Approaches ranged from the highly technical to the very personal. The ways in which we capture, document and represent wooden heritage was a key discussion point. Lively dialogue amongst EWAP participants was evident throughout the four days we spent together and we hope this will lead to future collaborations and joint projects. A big thank you to all our speakers and to Sandra Wilkins and Martin Devereux for chairing the sessions.
It goes without saying that a day trip organised by CHC to visit some of the wooden havelis of Gujarat was a highlight, bringing to life their EWAP project that documented townhouses in Bhadran, Dharmaj and Anand (https://doi.org/10.60491/ewap1007lg042025061). Over the course of a full day of visits led by Ashna Patel, we encountered an extraordinary range of wooden havelis and met local historians, custodians, and residents, who shared what these historic homes mean to them.
The EWAP conference was preceded by a two-day conference on ‘Reframing Vernacular Architecture for a Decolonised World’ organised by CEPT University in collaboration with Oxford Brookes University. The conference followed on from the equally successful two day ‘Knowing the Vernacular: Critical Reflections and Future Directions’ conference held in Oxford in conjunction with the first EWAP conference in 2024.
Building on the focus of the first conference on decolonisation in the context of vernacular architecture research and representation, speakers and discussions examined the processes of valuing, interpreting, conserving and using vernacular architecture. Many presentations highlighted a divide between understanding vernacular architecture and practice through forms of poetry, literature, daily and seasonal life cycles, rituals and gender roles, and colonial systems of documentation, imposed taxonomies, reinterpreted terminologies and international doctrines. The latter, it was argued, often overlooked the strength of cross cultural dialogue, and the interconnected systems within which vernacular architecture was conceived. Several presentations demonstrated how knowledge systems continue in contemporary production, as well as being appropriated.
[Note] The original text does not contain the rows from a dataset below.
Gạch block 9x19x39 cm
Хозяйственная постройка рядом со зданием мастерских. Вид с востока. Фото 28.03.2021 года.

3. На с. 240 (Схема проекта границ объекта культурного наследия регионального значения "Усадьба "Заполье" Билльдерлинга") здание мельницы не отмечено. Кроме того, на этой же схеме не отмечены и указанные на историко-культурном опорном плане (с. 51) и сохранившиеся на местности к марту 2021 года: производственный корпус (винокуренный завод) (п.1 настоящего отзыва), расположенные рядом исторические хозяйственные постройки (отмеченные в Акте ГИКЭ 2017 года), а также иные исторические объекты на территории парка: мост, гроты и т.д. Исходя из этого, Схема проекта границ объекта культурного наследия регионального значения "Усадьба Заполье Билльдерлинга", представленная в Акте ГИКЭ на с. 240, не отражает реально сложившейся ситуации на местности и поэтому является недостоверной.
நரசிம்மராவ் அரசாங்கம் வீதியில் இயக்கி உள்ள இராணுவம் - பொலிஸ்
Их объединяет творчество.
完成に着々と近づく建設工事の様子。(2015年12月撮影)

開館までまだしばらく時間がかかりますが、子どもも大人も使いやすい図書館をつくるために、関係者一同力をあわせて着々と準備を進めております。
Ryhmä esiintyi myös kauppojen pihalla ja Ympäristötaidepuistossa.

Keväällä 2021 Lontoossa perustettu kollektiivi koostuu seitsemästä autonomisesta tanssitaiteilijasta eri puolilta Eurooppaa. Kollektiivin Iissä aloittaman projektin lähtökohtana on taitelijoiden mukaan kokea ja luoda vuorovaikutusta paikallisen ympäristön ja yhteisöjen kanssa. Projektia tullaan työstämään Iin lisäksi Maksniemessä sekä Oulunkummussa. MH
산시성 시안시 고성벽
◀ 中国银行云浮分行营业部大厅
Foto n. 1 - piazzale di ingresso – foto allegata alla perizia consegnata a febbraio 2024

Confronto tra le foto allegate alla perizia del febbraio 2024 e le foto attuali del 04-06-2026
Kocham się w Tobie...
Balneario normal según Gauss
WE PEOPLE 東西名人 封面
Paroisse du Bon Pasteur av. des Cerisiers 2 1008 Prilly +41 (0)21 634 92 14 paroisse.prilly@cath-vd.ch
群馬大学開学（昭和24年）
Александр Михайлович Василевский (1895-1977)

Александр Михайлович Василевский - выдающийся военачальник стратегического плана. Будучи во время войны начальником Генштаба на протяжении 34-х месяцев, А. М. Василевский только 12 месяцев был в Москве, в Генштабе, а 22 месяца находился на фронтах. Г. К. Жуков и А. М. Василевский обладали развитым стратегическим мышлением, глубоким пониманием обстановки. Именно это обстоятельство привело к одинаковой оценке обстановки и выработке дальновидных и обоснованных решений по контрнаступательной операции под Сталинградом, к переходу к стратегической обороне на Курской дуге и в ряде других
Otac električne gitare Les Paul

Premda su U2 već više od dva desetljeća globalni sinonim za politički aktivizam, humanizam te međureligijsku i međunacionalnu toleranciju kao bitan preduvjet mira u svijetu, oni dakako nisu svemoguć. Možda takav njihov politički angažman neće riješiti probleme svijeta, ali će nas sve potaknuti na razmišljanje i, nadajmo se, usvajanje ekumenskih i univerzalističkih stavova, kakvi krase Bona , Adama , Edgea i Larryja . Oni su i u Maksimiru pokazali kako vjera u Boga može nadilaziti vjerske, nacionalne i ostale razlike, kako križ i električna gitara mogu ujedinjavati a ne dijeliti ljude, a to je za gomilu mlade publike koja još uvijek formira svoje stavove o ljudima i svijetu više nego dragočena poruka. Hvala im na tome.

Marcel Vellinga and I were both delighted to deliver open lectures as part of the conference, online and in person respectively, Martin Devereux acted as a discussant. I was also honoured to open an exhibition by the eminent academic and author Miki Desai on his work documenting architectural heritage in India. Prof Desai then walked us around the exhibition and shared insights into his experiences of documentation, long before 3D scanning was widely available.
We are hugely indebted to Prof Jigna Desai for her leadership and stimulating discussions, her team, especially Prachitee Naik for the flawless organisation of the two events and the very informative field visit to the wooden havelis, and Shivangie Akhaury and Hitarth Shah at CEPT for the smooth running of the event and assistance in securing visas for the participants. It was also lovely to catch up with a good number of our former Brookes students who presented at or joined us at the conference.